We analyzed a multitude of phishing domains and their corresponding phishing pages, which revealed at least 20 companies across a variety of sectors have been targeted this year. This report explores these campaigns, identifies the strategies these actors employ to manage their phishing infrastructure and provides a deeper understanding of their operational methods. For the purposes of this public post, some of the specific technical information has been removed, but for more information, please contact Intel 471.
Phishing Infrastructure
From Jan. 1, 2024, to Feb. 10, 2024, we identified 35 new phishing sites associated with the latest campaigns. Our analysis of these sites involved a comprehensive examination of the resources they use. We frequently encountered unique identifiers within these resources that enabled us to discover additional web pages using the same phishing kit.
In one instance, we observed the kit pull resources directly from the Okta IAM provider's website. This kit integrates logotypes of the entities being impersonated and leverages a specific Okta Sign-In Widget JavaScript (JS) file. This file and other pivoting elements allowed us to compile a unique list of related phishing domains.

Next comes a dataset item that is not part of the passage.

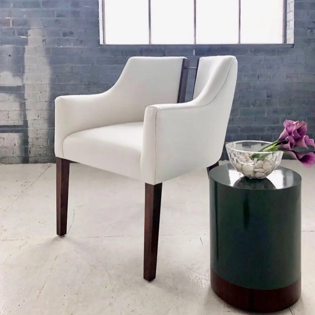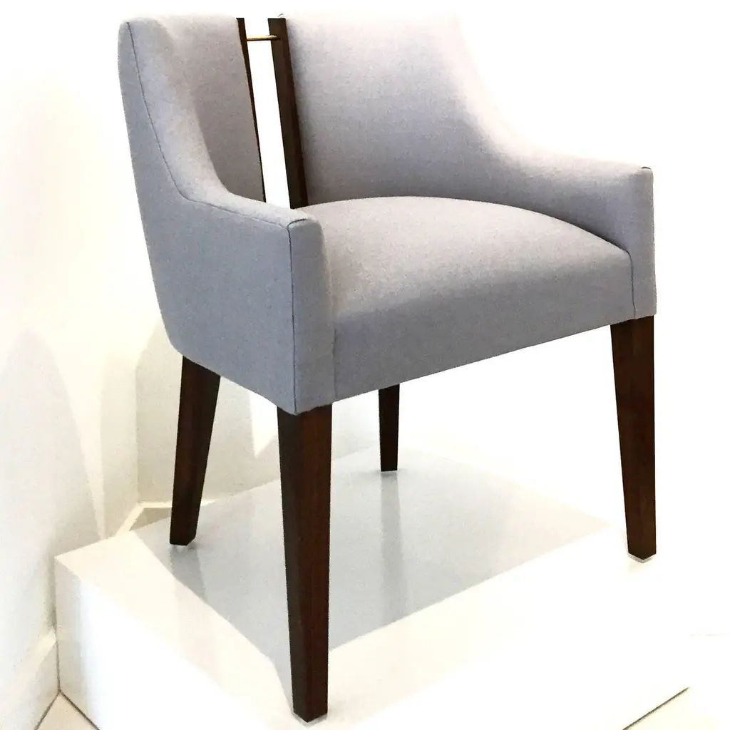 Our Declan dining chair exudes sophisticated elegance. It is sleek and curvaceous, with the perfectly unexpected walnut and brass back detailing. A modern chair with Classic proportions. Pictured here in solid walnut, darkened brass and upholstered in luxurious wool.

The website’s Hypertext Transfer Protocol (HTTP) title prominently displays the “Sign In” information for visitors.
Analysis of the Hypertext Markup Language (HTML) pages that contain the sign-in form revealed the action attribute in the form element specifying the URL of the server-side script responsible for processing submitted data. When a user fills out the form and presses the “submit” button, the collected data is sent to a script via the "POST" HTTP method. Additionally, we observed the label "okta-signin-username" purposefully was associated with terms commonly used in legitimate login forms for company employees, such as “User ID,” “SSO ID” or “Username [LAN ID].” This observation suggests the attackers likely conducted preliminary research before creating the phishing pages, aiming to closely mimic the original login pages as much as possible to convincingly deceive employees.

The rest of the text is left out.